==== The data ====
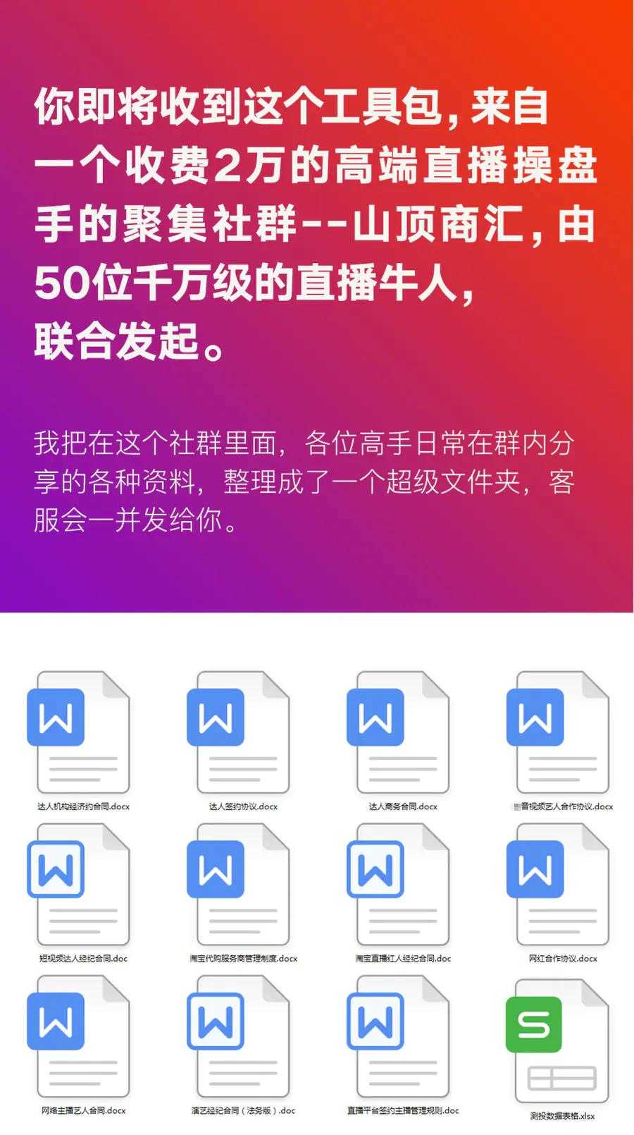 (1511期)直播工具包:56份内部资料+直播操盘手运营笔记2.0【文字版+资料】
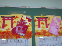 廊下掲示には、今月のカレンダーや季節の掲示物で彩られています。秋が深まっています...
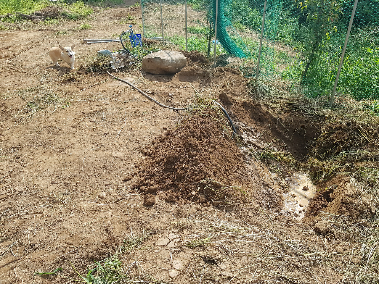 다음 날 아침 일어나 뒷마당에 올라갔다. 공사가 한창이었다. 들깨를 심어놨던 밭이 평평하게 다져져 있었다. 집을 질 때도 농사를 할 때도 쓰이는 '만능 포크레인'이 내 역할을 대신하고 있었다.
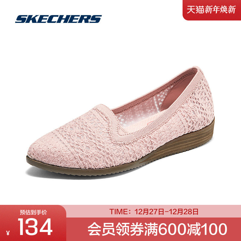 斯凯奇官方outlets2024秋新款女鞋镂空浅口单鞋通勤平底一脚蹬鞋
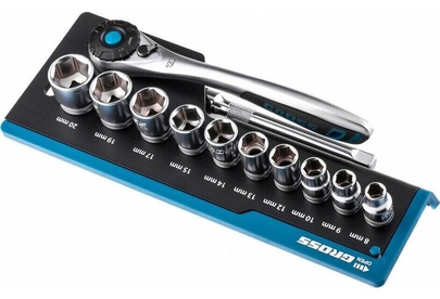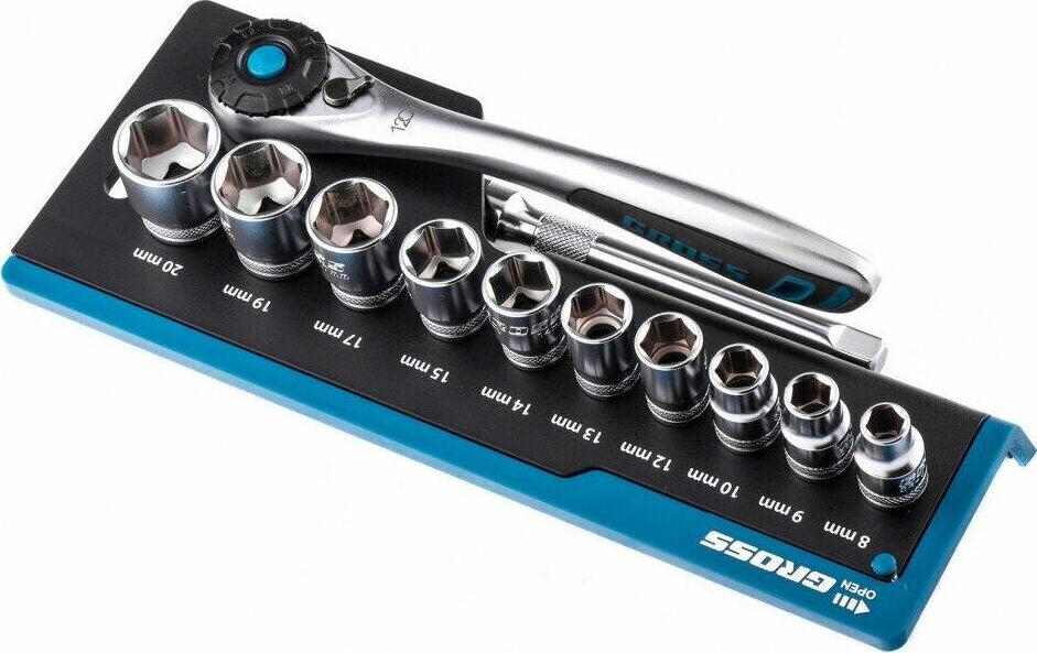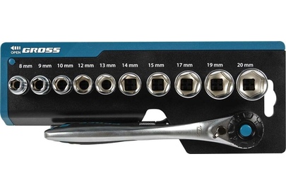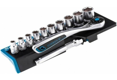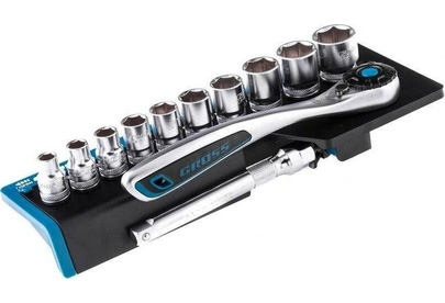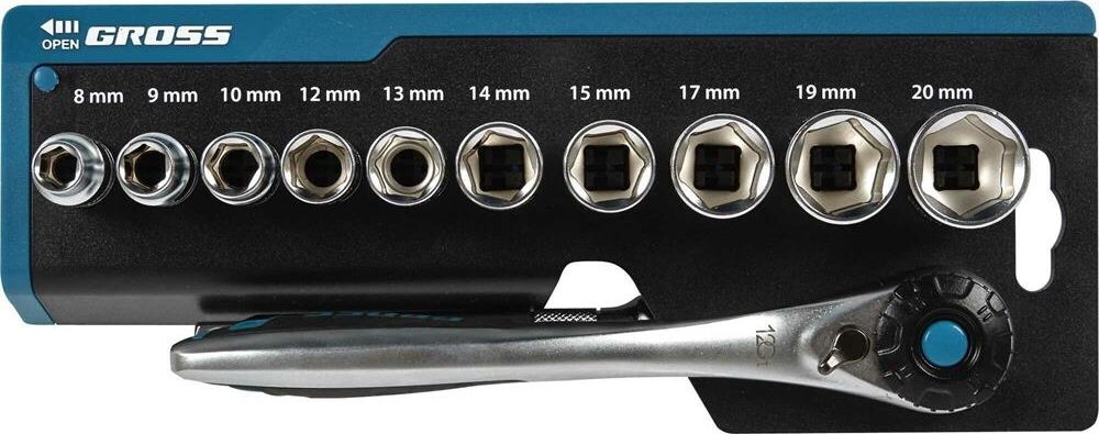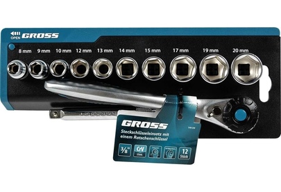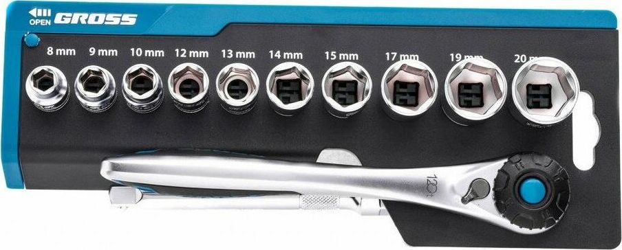 GROSS Набор торцевых головок, трещотка 120 зубьев, 3/8", CrV, 12 предметов 14139
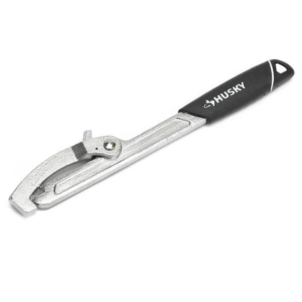 Husky’s 12 in. adjustable Lock Nut Wrench tightens and removes sink strainer lock nuts on strainer baskets. The spring-loaded jaw automatically adjusts to fit most sink strainer lock nuts. The long handle allows access to hard-to-reach nuts while the dual-material cushion grip provides user comfort. Durable construction and covered by the Husky lifetime warranty.
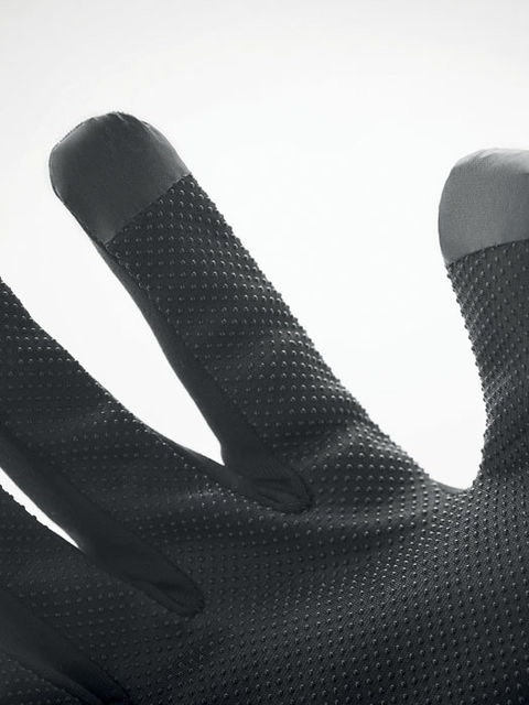 Kapacitív sportkesztyű okostelefonhoz, poliészterből. Két ujj érintésérzékeny funkcióval, a tenyér és az ujjak PVC csúszásgátló részletekkel rendelkeznek.
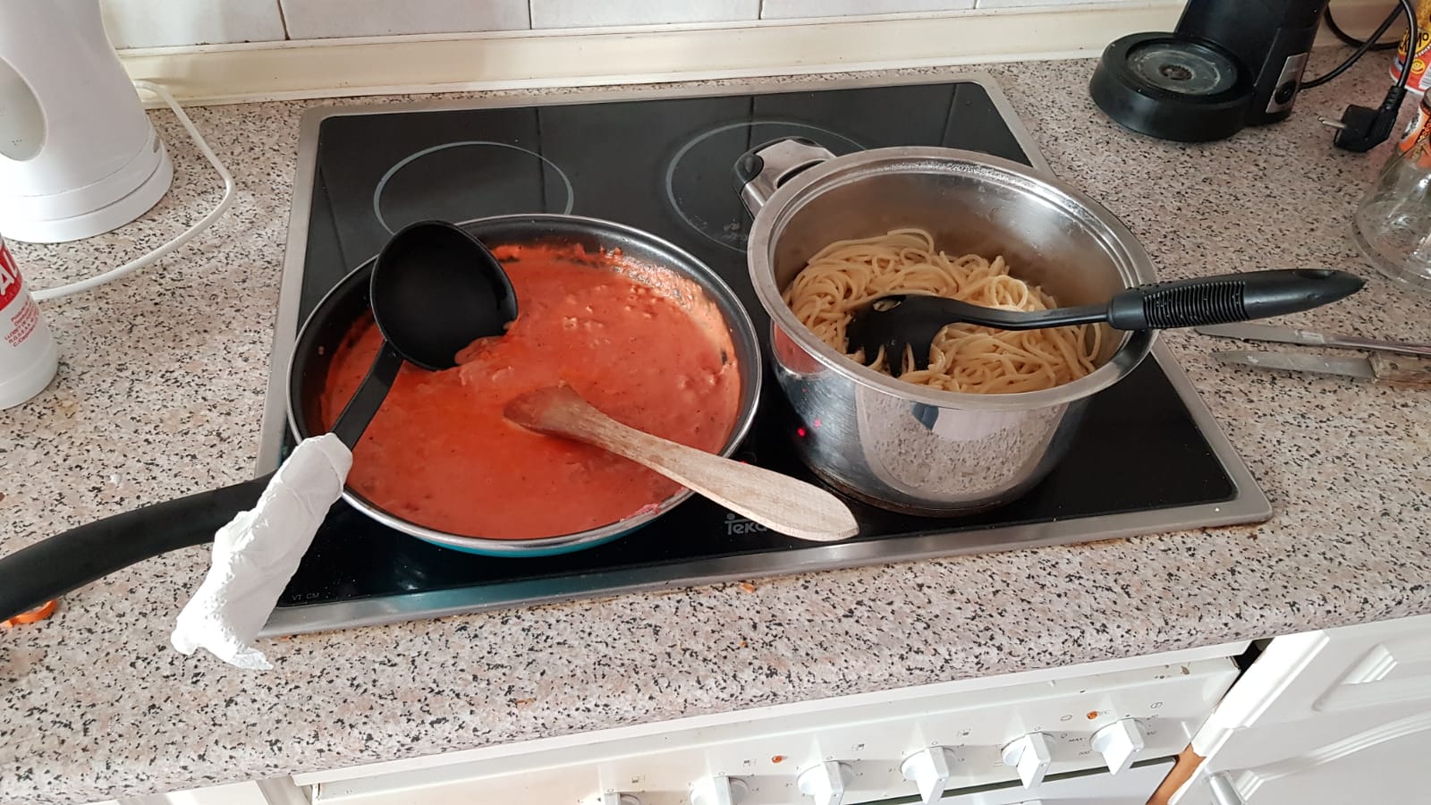 Later in the evening after work, Oona made spaghetti and I washed the dishes.
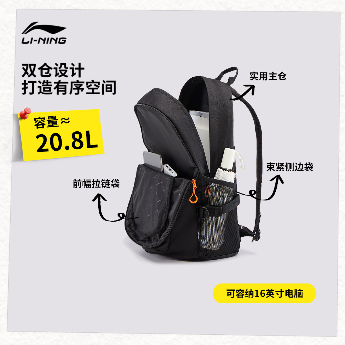 李宁双肩包男包女包 新款运动生活系列背包学生书包反光运动包
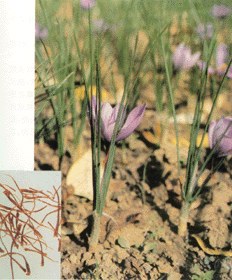 化学成分 含番红花甙-1,2,3,4(crocin-1~4)、番红花苦甙(picrocrocin)、番红花酸二甲酯(crocetin dimethyl ester)、α-番红花酸(a-crocetin)番红花醛(safranal)、挥发油等。
====
> **What this task involves**:
The answer must be an exact copy of the records, with no images in it.

> **Reply**:
 (1511期)直播工具包:56份内部资料+直播操盘手运营笔记2.0【文字版+资料】
 廊下掲示には、今月のカレンダーや季節の掲示物で彩られています。秋が深まっています...
 다음 날 아침 일어나 뒷마당에 올라갔다. 공사가 한창이었다. 들깨를 심어놨던 밭이 평평하게 다져져 있었다. 집을 질 때도 농사를 할 때도 쓰이는 '만능 포크레인'이 내 역할을 대신하고 있었다.
 斯凯奇官方outlets2024秋新款女鞋镂空浅口单鞋通勤平底一脚蹬鞋
 GROSS Набор торцевых головок, трещотка 120 зубьев, 3/8", CrV, 12 предметов 14139
 Husky’s 12 in. adjustable Lock Nut Wrench tightens and removes sink strainer lock nuts on strainer baskets. The spring-loaded jaw automatically adjusts to fit most sink strainer lock nuts. The long handle allows access to hard-to-reach nuts while the dual-material cushion grip provides user comfort. Durable construction and covered by the Husky lifetime warranty.
 Kapacitív sportkesztyű okostelefonhoz, poliészterből. Két ujj érintésérzékeny funkcióval, a tenyér és az ujjak PVC csúszásgátló részletekkel rendelkeznek.
 Later in the evening after work, Oona made spaghetti and I washed the dishes.
 李宁双肩包男包女包 新款运动生活系列背包学生书包反光运动包
 化学成分 含番红花甙-1,2,3,4(crocin-1~4)、番红花苦甙(picrocrocin)、番红花酸二甲酯(crocetin dimethyl ester)、α-番红花酸(a-crocetin)番红花醛(safranal)、挥发油等。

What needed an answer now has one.